Bullet Six - Bad Good
Part 7 of the series: Shooting Down Theistic Evolution
At multiple points throughout week one, God declared His work “good.” When He gathered the waters together to make dry land, God saw that it was good (verse 10). When He made plants and trees yielding seed and bearing fruit, God saw that it was good (verse 12). When He set the sun and moon to rule the day and night, God saw that it was good (verse 18). When He created fish and fowl, God saw that it was good (verse 21). When He made livestock and insects, God saw that it was good (verse 25).
As He prepared the earth for life, specifically life for His image-bearers, God pronounced His own approving evaluation of creation’s goodness. That is, God declared creation’s beauty and quality and acceptability and desirability. (As a side note, setting up the earth for life is not the same as making little-life and causing it to mutate into more complex life.)

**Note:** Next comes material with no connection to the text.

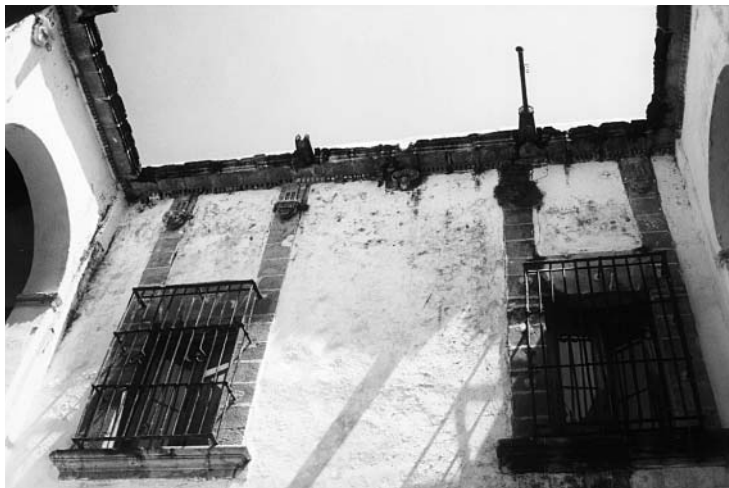
3. Casa Borda, Taxco, Guerrero, México.

Then, God saw everything that He had made, and behold, it was very good (verse 31). There was nothing about His creation that was deficient or defective or hurtful. So here’s the question: if killing and death prevailed on the planet, with weak and mutant and in-between-stages creatures, as evolution requires, how could God claim “everything was very good”? Theistic evolution must imply that death is an acceptable good, that as long as the fittest survive and overall progress is being made, everything is okay. But in biblical terms, that is a very bad kind of good, and really no good at all.